Pas de récit chronologique pour nous présenter sa vie.
Et cependant, l’auteur est omniprésent dans son livre, précisément parce qu’il part toujours
de sa propre expérience, seul domaine sûr d’observation, pour exercer son jugement.
- Confidences. Non qu’il soit avare de confidences parfois très intimes, mais tout ce
qu’il nous dit de lui arrive au détour d’une page.

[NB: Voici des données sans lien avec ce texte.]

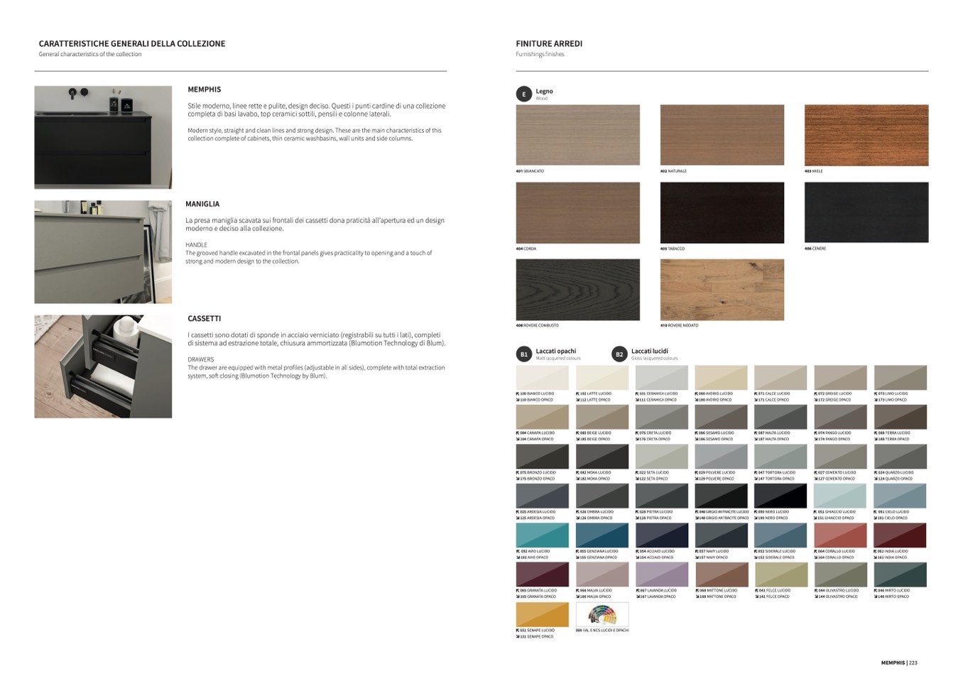 completa di basi lavabo, top ceramici sottili, pensili e colonne laterali.
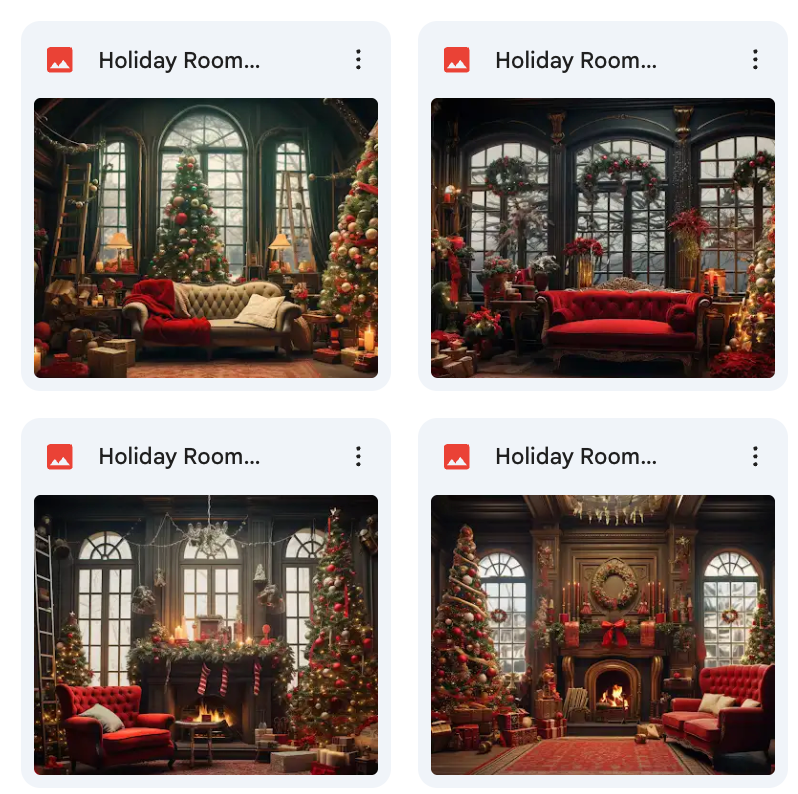 100 Unique Backgrounds: A wide variety of cozy, holiday-themed living room designs to match any festive vision.

- L’observation de soi. Certes, le goût de Montaigne pour l’introspection est indéniable,
tout comme le plaisir qu’il éprouve à se retrouver en sa seule compagnie.
- La construction de soi-même. Dans un monde où sont mises en cause, et parfois
s’écroulent, des valeurs séculaires, Montaigne a trouvé en lui-même un point
d’ancrage qui lui permet de rester maître de la conduite de sa vie, refusant d’être le
jouet d’engouements passagers ou de passions d’un instant toujours futiles et sans
fondements solides, qu’il aborde en toute lucidité. Son livre est inséparable de
lui-même.
- Le « parler » de Montaigne. Loin des voies toutes tracées, Montaigne donne à son
texte cette présence de la vie qu’il voulait conserver et transmettre dans son écriture
même. Les digressions nous entraînent dans le vagabondage de sa pensée, mais il
en est conscient. La saveur des mots qu’il emploie nous place au cœur d’une pensée
vécue, sentie; pas d’abstractions fumeuses sous sa plume.
- Écrire pour vivre. Nous entendons l’ambition d’une œuvre et d’un homme, loin de
l’austérité des morales traditionnelles, mais avec les exigences qu’il s’est forgées
lui-même.
Projet humaniste par excellence qu’un tel dialogue avec soi-même, qui n’a pu se réaliser
que par l’écriture vigilante et totalement consciente des Essais.